An unnamed spokesman for the North's General Staff of the Korean People’s Army said the military “opened 10 threatening and warning fires in the direction of 270 degrees of firing azimuth from the area of Ryongyon County at 5:15 (a.m.) on October 24” in an English-language statement. The statement was issued Monday morning immediately after North Korea took the military action.
The KPA General Staff claimed that the North Korean military fired warning shots after the South Korean Navy’s frigate intruded across the maritime military demarcation line designated by North Korea in the waters 20 km northwest of Baengnyeongdo at around 3:50 a.m.
The KPA General Staff argued that the South Korean escort ship “invaded” the North Korea-designated maritime border by 2.5 to 5 km with the excuse of clamping down on an unidentified vessel.
North Korea does not recognize the NLL and claims its own inter-Korean maritime military demarcation line, which is designated several kilometers south of the NLL.
“The KPA General Staff once again sends a grave warning to the enemies who made even naval intrusion in the wake of such provocations as the recent artillery firing and loudspeaker broadcasting on the ground front,” the statement read, without further details.

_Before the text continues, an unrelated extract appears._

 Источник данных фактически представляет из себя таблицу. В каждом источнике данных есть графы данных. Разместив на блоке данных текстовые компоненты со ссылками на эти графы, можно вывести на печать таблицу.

But the South Korean military officials on Monday refuted, saying it has suspended loudspeaker broadcasting. The Moon Jae-in government announced that it would halt anti-North Korean propaganda broadcasts using loudspeakers near the inter-Korean border on April 23, 2018, in the run-up to the inter-Korean summit.
The South Korean military explained that it recently delivered a message publicly to North Korea through broadcasting equipment installed at front-line guard posts. But the broadcast aimed to let North Korea know that a South Korean helicopter entered an area north of the Civilian Control Line to transport an emergency patient.
Calculated move?
The North Korean vessel’s intrusion across the inter-Korean military demarcation line came hours before the South Korean and US army, navy and air forces and the South Korean Coast Guard kicked off large-scale combined exercises on Monday morning in the West Sea.

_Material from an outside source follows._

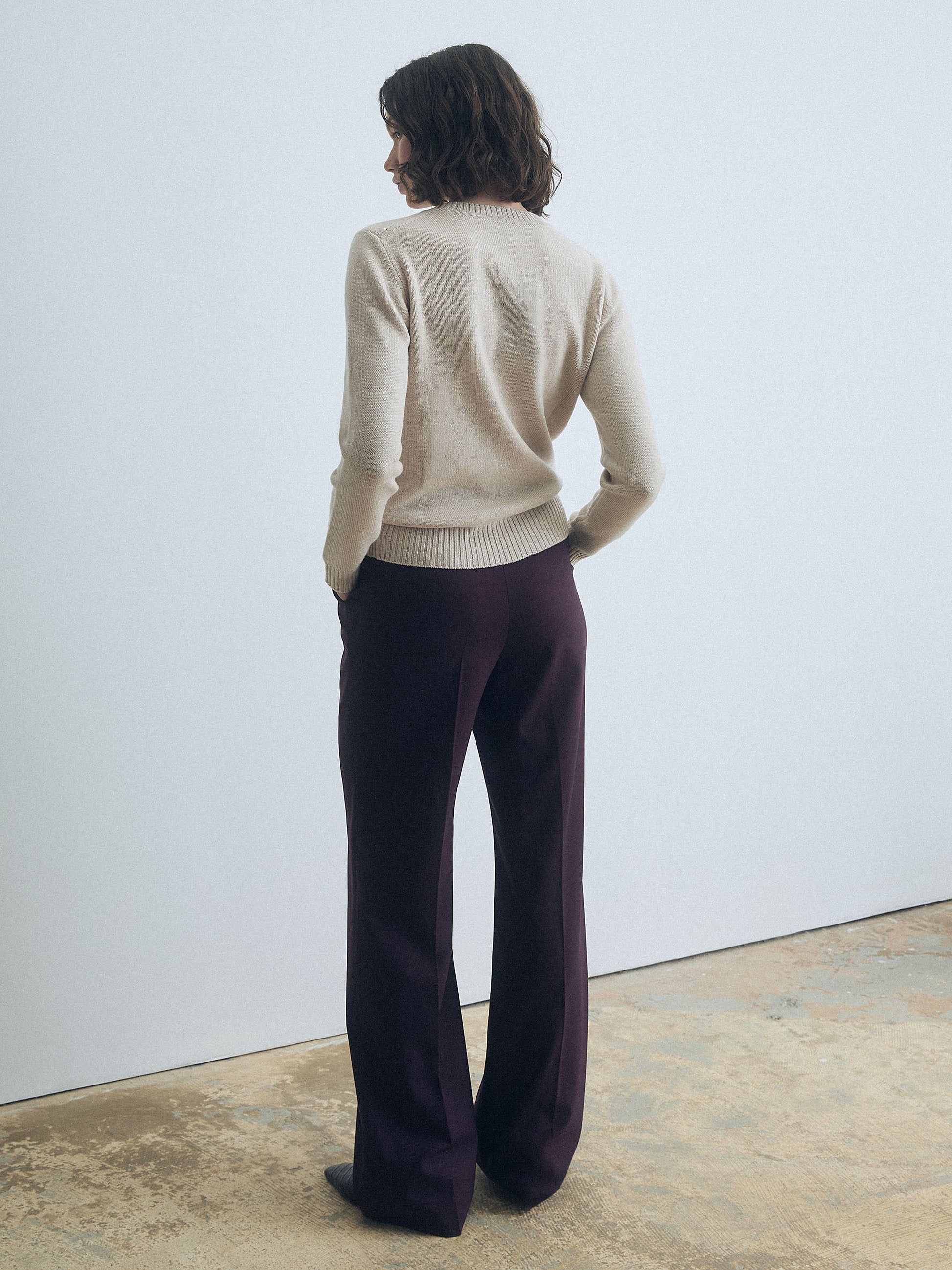 Wool-blend straight-leg pants with slash pockets, back welt pockets, belt loops and a zip fly with hook-and-eye fastening.

The four-day combined maritime training exercises are part of the South Korean military-led major Hoguk field training exercise that continues until Friday, the South Korean Navy announced Monday.
The combined exercises aim to “improve capabilities to carry out combined and joint naval operations in preparation for enemy provocations” and interoperability between the South Korean and US forces, according to the South Korean Navy
The South Korean Navy explained that the South Korean and US forces also seek to “maintain the highest state of military readiness through intensive training exercises,” underscoring that the exercises are defensive in nature.
The major training exercises practice maritime counter-special operations and maritime interdiction operations and master operational procedures in real-world scenarios, including North Korea’s local provocations along the NLL.